Here, mmvd_distance_idx and mmvd_direction_idx are syntax for specifying the magnitude (distance) and direction of the motion vector difference, respectively, in the merge motion vector difference disclosed in Non Patent Literature 1.



FIG. 5 illustrates an example of a correspondence table of the magnitude (distance) of the MVD in the MMVD corresponding to the value of mmvd_distance_idx disclosed in Non Patent Literature 1.


As illustrated in FIG. 5, the magnitude (distance) of the MVD can be specified by mmvd_distance_idx and a value of ph_mmvd_fullpel_only_flag transmitted in units of pictures disclosed in Non Patent Literature 1.


Here, the distance of the MVD is defined by a discrete value in the MmvdDistance illustrated in FIG. 5 starting from an MV in the merge mode.



FIG. 6 illustrates an example of a correspondence table of a direction of the MVD in the MMVD corresponding to the value of mmvd_direction_idx disclosed in Non Patent Literature 1.


As illustrated in FIG. 6, the direction of the MVD can be specified by the value of mmvd_direction_idx.


Here, as the direction of the MVD, four directions of up, down, left, and right with the MV of the merge mode as a starting point are defined. Further, the up, down, left, and right directions are indicated by signs in a (x, y) direction with the MV of the merge mode as a center coordinate.


The sign of the (x, y) direction corresponds to MmvdSign [x0] [y0] [0] and MmvdSign [x0] [y0] [1] illustrated in FIG. 6, the left direction (that is, in the 0° direction) is (+1, 0), the right direction (that is, in the 180° direction) is (−1, 0), the up direction (that is, in the 90° direction) is (0, +1), and the down direction (that is, in the 270° direction) is (0, −1).


The decoding unit 210 is configured to transmit the MMVD application target merge candidate, the magnitude (distance) of the MVD, and the direction of the MVD, which can be specified as described above, to an MMVD unit 241A3 of an inter prediction unit 241 described later.


(Inter Prediction Unit 241)

Hereinafter, the inter prediction unit 241 according to the present embodiment will be described with reference to FIGS. 7 to 9. FIG. 7 is a diagram illustrating an example of functional blocks of the inter prediction unit 241 according to the present embodiment.


As illustrated in FIG. 7, the inter prediction unit 241 includes a motion vector decoding unit 241A and a prediction signal generation unit 241B.


The inter prediction unit 241 is an example of a prediction unit configured to generate a prediction signal included in a prediction block on the basis of a motion vector.


The motion vector decoding unit 241A is configured to acquire a motion vector using the target frame and the reference frame input from a frame buffer 260 and the control data received from an image encoding device 100.


The motion vector decoding unit 241A includes an AMVP unit 241A1, a merge unit 241A2, and an MMVD unit 241A3.


The AMVP unit 241A1 is configured to perform adaptive motion vector prediction (AMVP) decoding for decoding a motion vector by using motion vector prediction (MVP), an index indicating a motion vector difference, and a list and an index of a reference frame.


Here, since the AMVP can employ a known method, the details thereof will be omitted.


The merge unit 241A2 is configured to receive the merge index (merge_idx) from the image encoding device 100 and decode the motion vector.


Specifically, the merge unit 241A2 is configured to construct a merge list in the same manner as the image encoding device 100 and acquire a motion vector corresponding to the received merge index from the constructed merge list.


Here, as a merge list construction method, a known method disclosed in Non Patent Literature 1 or Non Patent Literature 2 can be employed in the present embodiment.

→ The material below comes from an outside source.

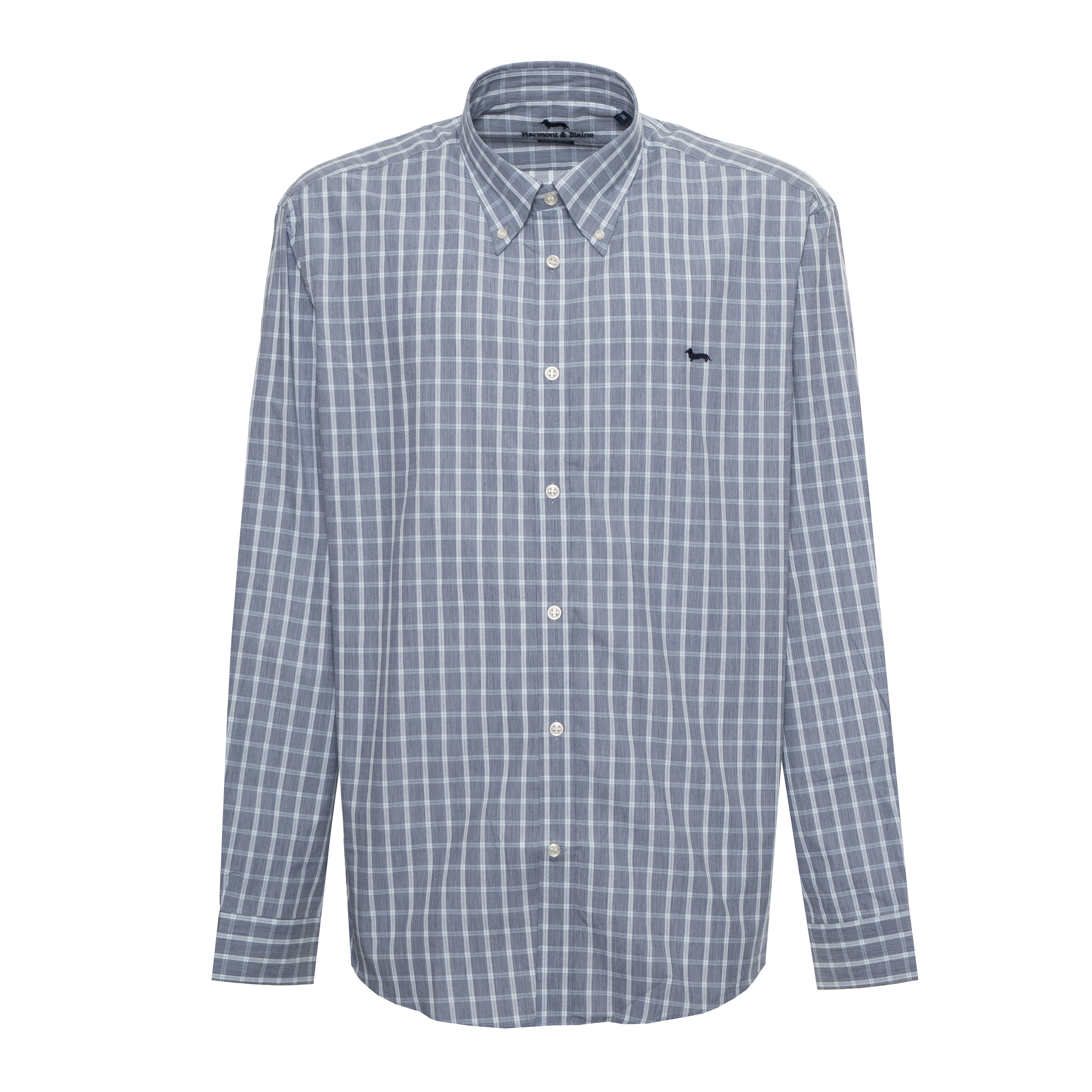 CHEMISE À CARREAUX, POUR HOMMES, BUTTON DOWN, MANCHES LONGUES, BICOLORE, LOGO BRODÉ, FERMETURE BOUTON

Specifically, that is as follows.


First, the maximum number of merge candidates stored in the merge lists in Non Patent Literature 1 and Non Patent Literature 2 is six and ten, respectively.


Next, in Non Patent Literature 1, merge candidates are stored in a merge list in the order of a spatial merge candidate, a temporal merge candidate, a history merge candidate, a pairwise merge candidate, and a zero merge candidate.

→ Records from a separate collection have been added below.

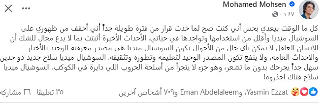 وكتب محمد محسن منشورًا، عبر حسابه الشخصي بموقع التواصل الاجتماعي فيس بوك، قال فيه: كل ما الوقت بيعدي بحس إني كنت صح، لما خدت قرار من فترة طويلة جدًا إني أخفف من ظهوري على السوشيال ميديا، وأقلل من استخدامها وتواجدها في حياتي.
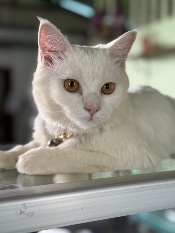 รอยตำหนิ: ปลายหางหักไม่เยอะสัมผัสได้น้องมีหูชมพูถึงข้างแก้ม ในตาข้างขวาเปือกตามีลอยไม้ทิ้มเป็นแผลเป็นสังเกตุเห็นด้วยตาเปล่า น้องไม่มีปลอกคอ เขี้ยวน้ำล่างด้านขวายังไม่หลุด ขึ้นคู่กัน 2 ซี่
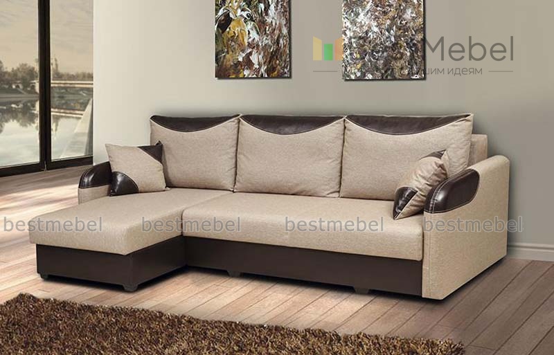 Угловой диван Чикаго - О BMS подарит владельцам комфортный отдых и по максимуму использует возможности помещения. Современная модель в спокойной бежевой гамме представляет собой комбинацию просторного сиденья и секции-тахты. Узкие подлокотники экономят пространство и увеличивают полезную площадь дивана. Основание и декоративные вставки выполнены в экокоже контрастного цвета. При помощи механизма «Еврокнижка» диван легко превращается в кровать. Купить угловой диван Чикаго - О BMS приглашаем в наш интернет-магазин.

Here, the spatial merge candidate is a technique of acquiring motion information from adjacent positions of the target blocks illustrated in No. 1 to No. 5 of FIG. 8.


In Non Patent Literature 2, a non-adjacent spatial merge candidate is added to Non Patent Literature 1. Specifically, the non-adjacent spatial merge candidate is a technique of acquiring motion information from non-adjacent positions of the target blocks illustrated in No. 6 and subsequent of FIG. 8.


On the other hand, a history merge candidate disclosed in Non Patent Literature 1 or Non Patent Literature 2 is a technique of storing and updating motion information of a block decoded (encoded) before a target block in a FIFO history table illustrated in FIG. 9, and storing merge candidates in a merge list in ascending order of numbers of the history table.


When the merge candidates are stored in the merge list or when the merge candidates are stored in the history table, the merge candidate, the motion vector and the reference frame already stored in the merge list, and the presence or absence of the motion vector of each merge candidate are compared, and it is determined whether or not to newly store the merge candidates in the merge list. Such comparison processing is called Pruning processing, and is designed such that merge candidates having the same motion vector and reference frame are not stored in the merge list.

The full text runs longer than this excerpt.